Pearson chi-squares and analyses of variance (ANOVAS) were used to examine ethnic group differences in demographics and the primary study variables (marital happiness and sleep disturbances). Analyses of variance (ANOVAS) were used to examine the univariate associations between marital happiness and the summary sleep disturbance score for the total sample and within each ethnic group, without covariate adjustment.

Primary Analyses

Age, ethnicity, and SWAN study site were included as covariates in the fully adjusted model. In addition, potential covariates that were associated with the summary sleep disturbance measure at p < .10 in univariate ordinal regression models were included in the final multivariable ordinal regression model. These covariates were: difficulty paying for basics, presence of children in the home, employment status, menopausal status, depressive symptoms, anxiety symptoms, social support, perceived health, use of sleeping or psychotropic medications, and BMI. The following variables were not associated with the sleep disturbance measure at p <.10 in univariate models and were thus not included as covariates in the full model: education, frequency of sexual intercourse, alcohol or caffeine use, smoking status, history of hormone use, and physical activity.

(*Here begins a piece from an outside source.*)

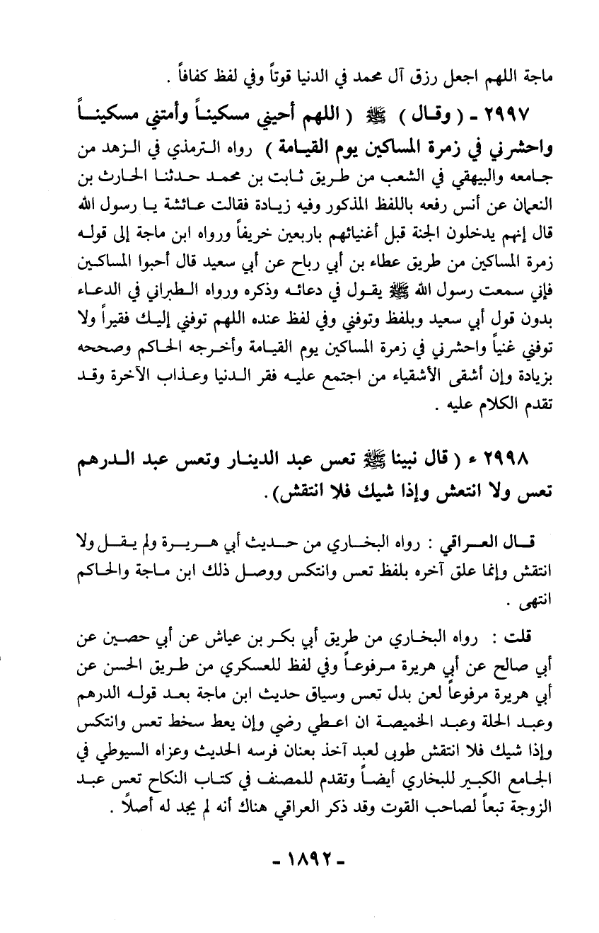2998 - (قال نبينا - صلّى الله عليه وسلم - تعس عبد الدينار وتعس عبد الدرهم تعس ولا انتعش وإذا شيك فلا انتقش).

Ordinal logistic regression analysis was used to model the association between marital happiness and the four categories of the summary sleep disturbance score (0, 1, 2, or 3 to 4 symptoms). Age, study site, ethnicity (dummy-coded with Caucasian as the referent), marital happiness and the covariates were entered simultaneously. Results are presented as the odds ratios (OR) and 95% confidence intervals (CI) of having increasing numbers of sleep disturbances according to increasing levels of marital happiness.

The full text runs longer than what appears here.